First of all sorry for the late reply and thank you for contacting us. I think that our implementations are related so it's good to keep things consistent.

Just to be open, one of the next steps for us is to also trigger pipelines from the web interface, so I am curious how you plan to implement this (the vision for us would be to have something like nextflow tower, but it should work not only for cloud users). Via HTTP requests or add some API at the side of snakemake? Regarding our current monitoring service, we kind of hijacked the log service and we send the necessary log messages from snakemake to panoptes, where we parse/process them. We implemented it like this, as we did not want to make many changes on the side of snakemake. We are open to discuss any standard both for remotely running and/or getting information from snakemake and we can also spend some time implementing it. We prefer to introduce some breaking changes now, rather than running into them in the future. Note also that we are also open to merging/collaborating in projects if this would be beneficial for the community.

I could write more technical details, but please let us know what you think, or if something is not clear. I guess you are more familiar than us with the codebase from snakemake, so your opinion matters.

vsoch · 2020-12-10T23:19:53Z

I'm creating an interface "Snakemake Interface" == snakeface that serves as a wrapper to snakemake - basically having database models that map to workflows, workflow collections, etc., and I'm creating it so that the user can run it as a notebook and then log in with a token, or it can be deployed on some HPC or cloud environment with a custom configuration of backends. E.g., if an HPC cluster wants to configure a front end for users to log in with LDAP or SAML and then only expose the slurm (cluster) executor, that would work. The commands of the interface (e.g., the forms to input what you want for a workflow run) are generated directly from the argparse parser, so it should stand the test of time if/when the snakemake client changes. To have snakemake integrated with the logging I'm basically going to override those endpoints to send updates to the same server that will update the interface - and it's the structure of those messages that I think we could develop a standard for, meaning endpoints and then data. This would mean that any application that implements those endpoints and expects a particular format of data could be plugged into snakemake. I figure since you've already developed something, we maybe could start with that, and then I could take a look, contribute feedback, and implement it for snakeface as well? I'm also happy to do any sort of PRs to snakemake that might be needed. And yes, I'd love to work together! I really love snakemake, so I'm definitely enjoying this little side project <3

vsoch · 2020-12-11T15:39:39Z

@fgypas any context of why this is assigned to me?

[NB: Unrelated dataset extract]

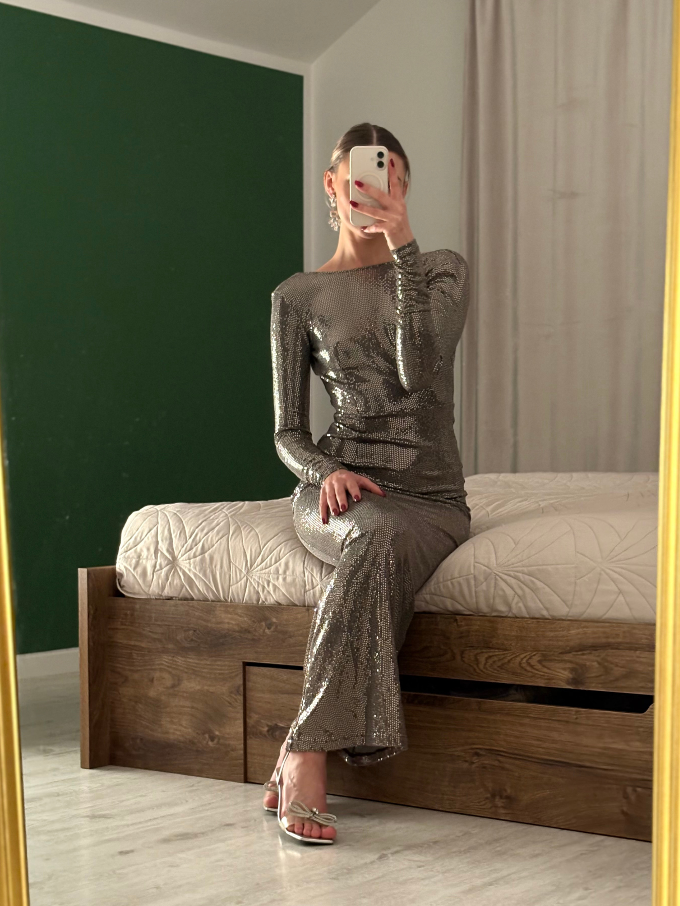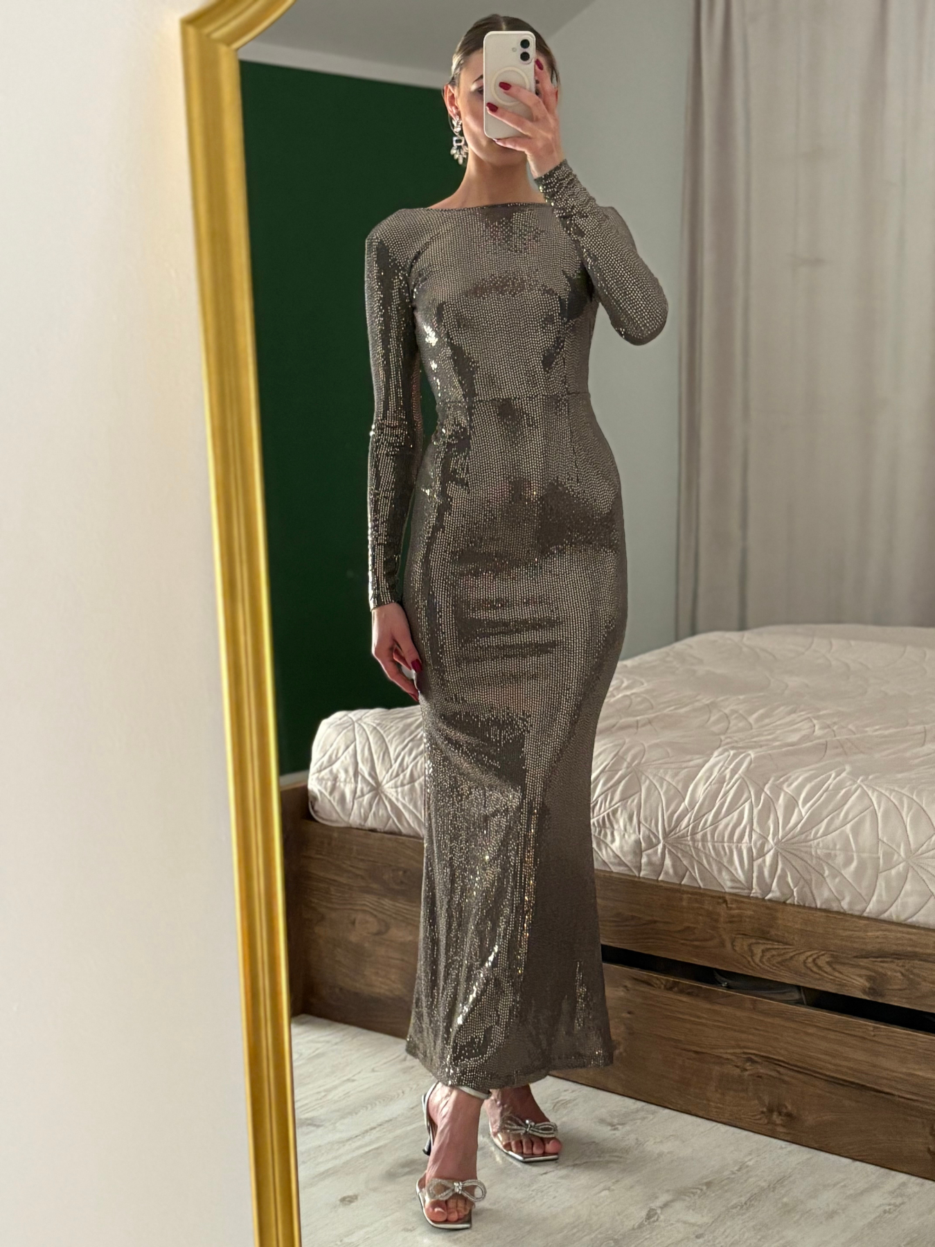 Dopasowany, ołówkowy fason podkreśla talię i biodra, modelując sylwetkę w elegancki, wyważony sposób. Długie rękawy równoważą całość, nadając stylizacji klasy i ponadczasowego szyku, a subtelnie odkryte plecy wprowadzają nutę zmysłowości bez przesady.

fgypas · 2020-12-11T15:48:01Z

@fgypas any context of why this is assigned to me?

Sorry, mistake :)

fgypas · 2020-12-12T17:59:31Z

Hi @vsoch

I did not understand only one thing. You mention that the formats of the interface are generated directly from the argparse parser. Does this mean that each interface that you setup can run only a specific pipeline? I thought that if you expose the config.yaml would be enough to work for any pipeline (given that the data are already in a shared filesystem).

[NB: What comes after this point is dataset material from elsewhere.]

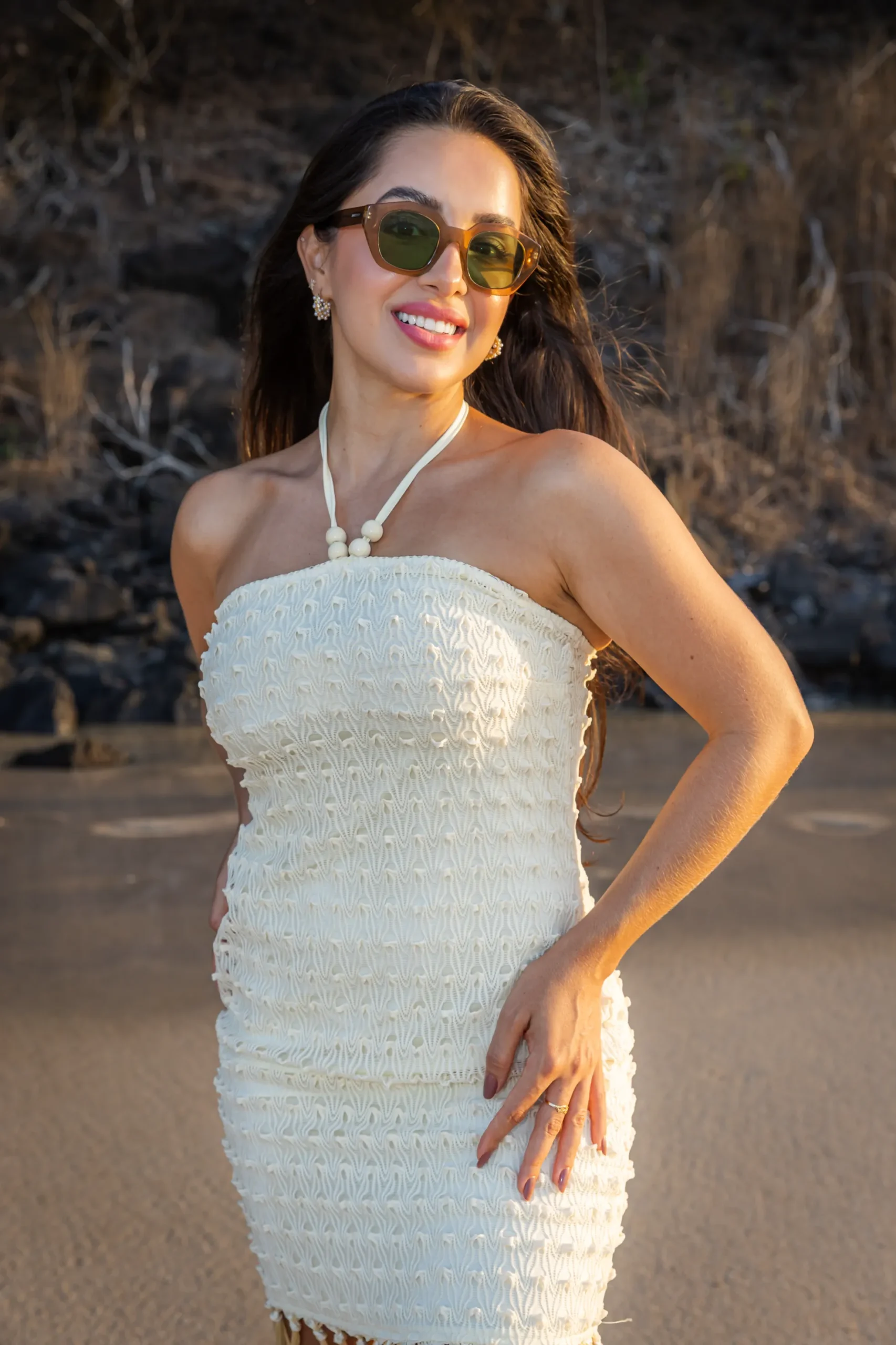 Aos pés do Morro Dois Irmãos: Começamos o ensaio com a imponência das pedras gêmeas ao fundo, o cartão-postal mais famoso da ilha.
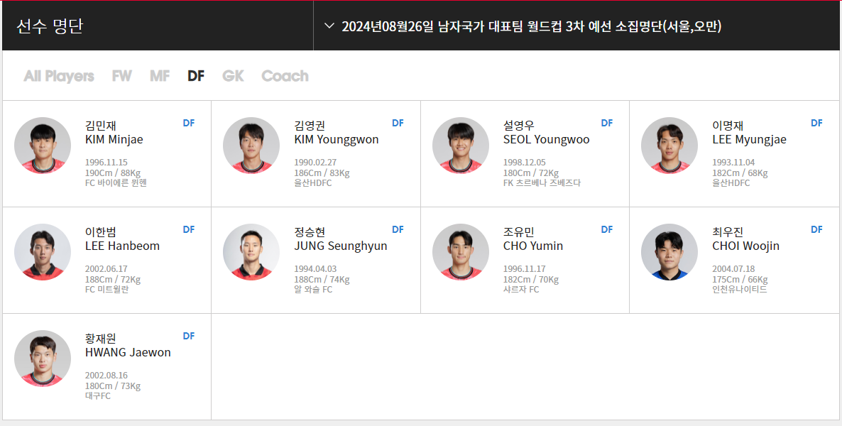 이번 명단에는 총 26명이 선발되었으며, 각 포지션에서 균형 잡힌 라인업이 구성되었습니다.

Anyway, other than that let me try to describe what we implemented in snakemake and what in panoptes in order to find a common ground.

What we wanted initially was to have a monitoring service where all the pipelines of a user would be processed a specific location. Ofcourse we have plans to suppport multiple users via tokens (see issue #2), but we did not implement it yet. Personally, I trigger multiple pipelines at the same time, and since this is a feature I am using we started with that. This is what we implemented:

The user starts a snakemake pipeline with the --wms-monitor flag e here: (https://github.com/snakemake/snakemake/blob/master/snakemake/__init__.py#L1328-L1335)
Once this happens snakemake checks if the IP and port specified the user is correct. This is done by checking (https://github.com/snakemake/snakemake/blob/master/snakemake/logging.py#L513) if the /api/service-info endpoint of panoptes has the status running (https://github.com/snakemake/snakemake/blob/master/snakemake/logging.py#L520)
If this works fine, then it sends a request to panoptes in order to get a workflow id (https://github.com/snakemake/snakemake/blob/master/snakemake/logging.py#L530 and https://github.com/panoptes-organization/panoptes/blob/master/panoptes/app.py#L70)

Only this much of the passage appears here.